These days, it is easy to take it for granted that Caravaggio (1571-1610) is the most popular of the old masters, yet it was not ever thus. In my Baedeker’s Central Italy (published exactly 100 years ago), he is acknowledged as having been ‘the chief of the Naturalist School’, but it is pointed out that from the outset ‘it was objected that his drawing was bad, that he failed in the essential of grouping the figures in his larger compositions.’ The first major exhibition of his works — in what has only very recently been established as the city of his birth, Milan — did not take place until 1951. Its catalogue contained an introduction by Roberto Longhi, the greatest Italian art historian of the 20th century, who had done so much to champion his work. In the intervening years, a whole array of very different knights in shining armour, ranging from the late Derek Jarman to Sir Denis Mahon (still going strong at the age of 99), have pleaded his cause, to such an extent that his triumph is now entirely and rightly assured.
With the wisdom of hindsight, the combination of a luridly colourful life and a genuinely remarkable body of work meant that it was inevitable that Caravaggio’s day was bound to come. In these terms, the biographical high point was his murder of his tennis opponent Ranuccio Tomassoni on 28 May 1606, which makes the tantrums of John McEnroe seem distinctly half-hearted. In defence of McEnroe, it is worth adding that the row was in all probability over a bet rather than a line-call, since tennis players commonly gambled large sums of money on the outcome not just of matches, but of individual points.
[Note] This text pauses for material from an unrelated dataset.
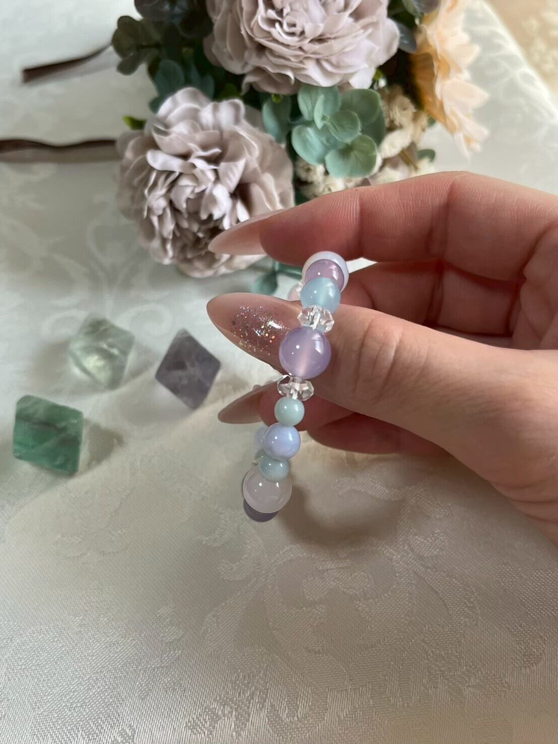 ラベンダーカルセドニー・シーブルーカルセドニー・ホワイトカルセドニー・アマゾナイト・水晶

As for the paintings, anyone inclined to doubt Caravaggio’s genius need only spend an afternoon in Rome wandering from San Luigi dei Francesi, via Sant’Agostino, to Santa Maria del Popolo to see what all the fuss is about. If they were to divide the next morning between the Borghese and Doria galleries, they would add no fewer than eight pictures to the six of the previous day, and have seen nearly a quarter of his generally accepted oeuvre in one fell swoop.
Given Caravaggio’s fame and the endless monographs that have already been written about his art, some of which are absolutely excellent, one might legitimately ask whether we really need another offering on the king of chiaroscuro. The simple answer is that this is no ordinary book, above all for its illustrations. Indeed, I am sure its lucky author, Sebastian Schütze, would be the first to agree with this judgment, since it is no criticism of his contribution. On the contrary, he is to be congratulated on having produced a short but exemplary text, which scrupulously resists all of the wilder attributional and interpretative fantasies by which the study of the artist has of late been blighted.
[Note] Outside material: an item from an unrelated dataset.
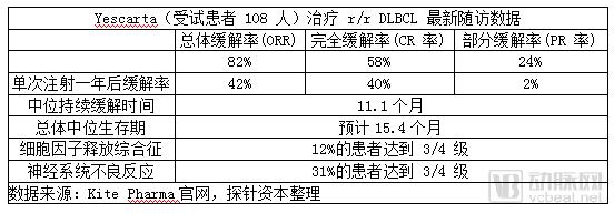 为评估 Yescarta 缓解的耐受性,Kite 对参与 ZUMA-1 研究的难治性侵袭性非霍奇金淋巴瘤患者(n=108)进行了最短一年的随访,后续随访证明效果确实显着。在传统治疗下只能生存 6 个月的DLBCL 晚期患者,在接受 Yescarta 治疗一年后仍有一半以上患者存活,中位生存期预计15.4个月。
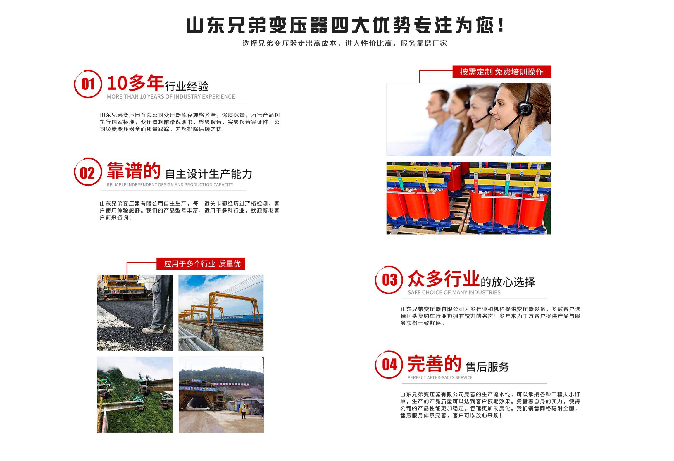 山東兄弟變壓器有限公司經營SCB10干式變壓器,SCB11干式變壓器價格,SCB12變壓器,SCB13干式變壓器,SCB14干式變壓器,SCB18干式變壓器等產品及用戶要求的特殊變壓器?! 」镜馁|量方針是:“顧客的滿意,是我公司的追求?!眻猿仲|量,用戶至上,以質興業,以優取勝,愿為廣大用戶設計各種要求的變壓器,以求共同發展?! ∑髽I精神:“創新、求實、誠信、高效”。 企業作風:“嚴、細、實、快”。 企業工作方針:“加強內部管理,夯實基礎,全面提高職工整體素質,使企業管理水平再上新的臺階”。 公...

Taschen are justly celebrated for the beauty of the best of their books, but on this occasion they have really pulled out all the stops. This is not simply because Caravaggio is a bookshelf-defying monster volume (it measures approximately 16 x 12 inches), which means that it is possible to include spectacular close-ups, but more tellingly because so many of the transparencies or scans are new, with the result that the book as a whole effortlessly surpasses all previous attempts to capture the magic of Caravaggio’s surfaces.
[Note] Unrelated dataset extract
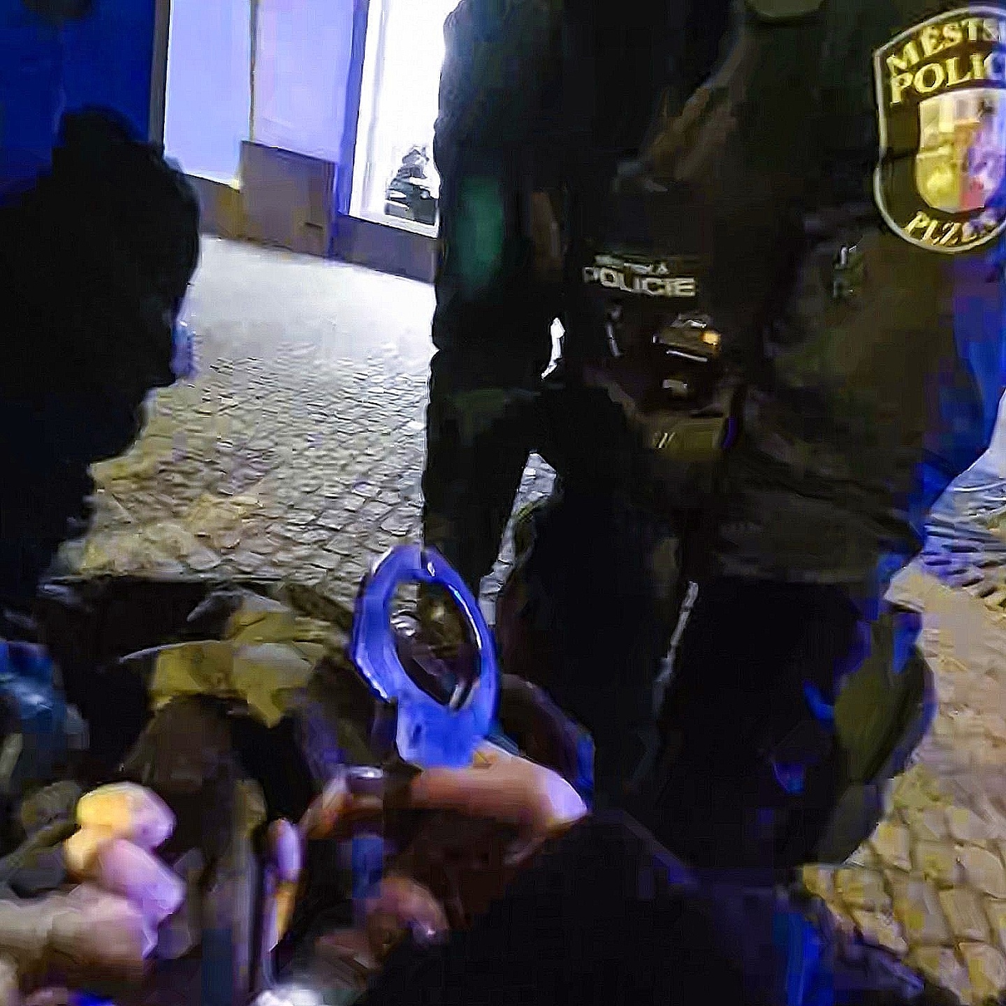 "Přestože byl muž důrazně upozorněn, aby svého jednání zanechal, pokusil se do provozovny znovu vstoupit. Hlídka mu v tom zabránila, načež muž strčil do jednoho ze strážníků, aby si cestu dovnitř vynutil. Vzhledem k jeho jednání byly použity donucovací prostředky, muž byl sveden na zem a byla mu přiložena pouta," pokračovala mluvčí s tím, že muž i nadále kladl aktivní odpor a odmítal spolupracovat.

It also underlines the extent to which the physical condition of the works, even when they must be of much the same date, differs as a consequence of their varying fates across the centuries. If it is a minor source of regret that there are not details of all of them (I was hoping to have a chance to test my heretical suspicion that the flowers in the Hermitage Lute-Player are by a Flemish still-life specialist such as Jan Brueghel, and not by Caravaggio), then it should be added in conclusion that overall — and in spite of the eye-watering price — this is a book no serious lover of art will wish to be without.